On 27 June 2017, Chuck signed with Rangers. On 13 December 2017, Chuck was called up in the preliminary Hong Kong squad for the Guangdong-Hong Kong Cup in 2018. He received trial with China League One club Dalian Transcendence in January 2018. On 17 February 2018, it was announced that Chuck had terminated his contract with Rangers following much speculation about a move to the mainland China.

In March 2018, Chuck joined Swiss Challenge League club Chiasso. He left the club again at the end of 2018.

On 28 February 2019, Chuck signed a three-month contract with HKPL club Yuen Long. However, his registration was cancelled by the club in April due to personal issues.

==International career==
On 6 June 2016, Chuck made his international debut for Hong Kong in a 2016 AYA Bank Cup match against Myanmar.

==Personal life==
On 1 July 2019, Chuck was arrested by the Hong Kong Police on charges of tax evasion.

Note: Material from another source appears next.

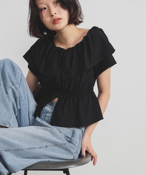 旬顔になれる肌見せトップス■デザインフリルカラーが印象的なオフショルダーブラウス。落ち感がありながらもハリ感を併せ持つ柔らかな素材を使用し、あえてシワ感を加えた表情豊かな生地が、こなれた雰囲気を演出します。大胆に開いた襟元で、ヘルシーな肌見せが楽しめるデザインです。■コーディネート襟周りにはゴムが施されており、肩を出してオフショルダーとして着こなせば、ぐっと今っぽいスタイルになります。Tシャツなどの上に重ねて、ラッフルカラーをレイヤードとして楽しむのもおすすめ。パンツにもスカートにも合わせやすい幅広い着こなしに対応します。■サイズウエストのドロストで、シルエットの調整が可能。ゆったりとした身幅ながら、お好みのフィット感で着こなせます。■素材落ち感がありながらもハリ感を併せ持つ柔らかな素材を使用し、あえてシワ感を加えた表情豊かな生地が、こなれた雰囲気を演出します。【WHITE】BEAMS STAFF:H164 Size:ONE SIZE【BLACK】BEAMS STAFF:H163 Size:ONE SIZE【BROWN】Model:H:165 B77 W57 H85 Size:ONE SIZE※光の当たり具合やパソコンなどの閲覧環境によって、実際の色味と異なって見える場合がございます。予めご了承ください。※商品の色味は商品単体で撮影した画像をご参照ください。

On 18 February 2021, Chuck was arrested again, this time on suspicion of illegal debt collection. The police have alleged that both he and his girlfriend have been involved in at least 16 debt collection activities between January and February 2021. The pair was reportedly arrested while splashing red paint outside a flat at Wah Fu Estate.

On 17 June 2021, the Kwun Tong Magistrates' Courts sentenced Chuck to 12 months probation after he pled agreed to guilty to criminal damage.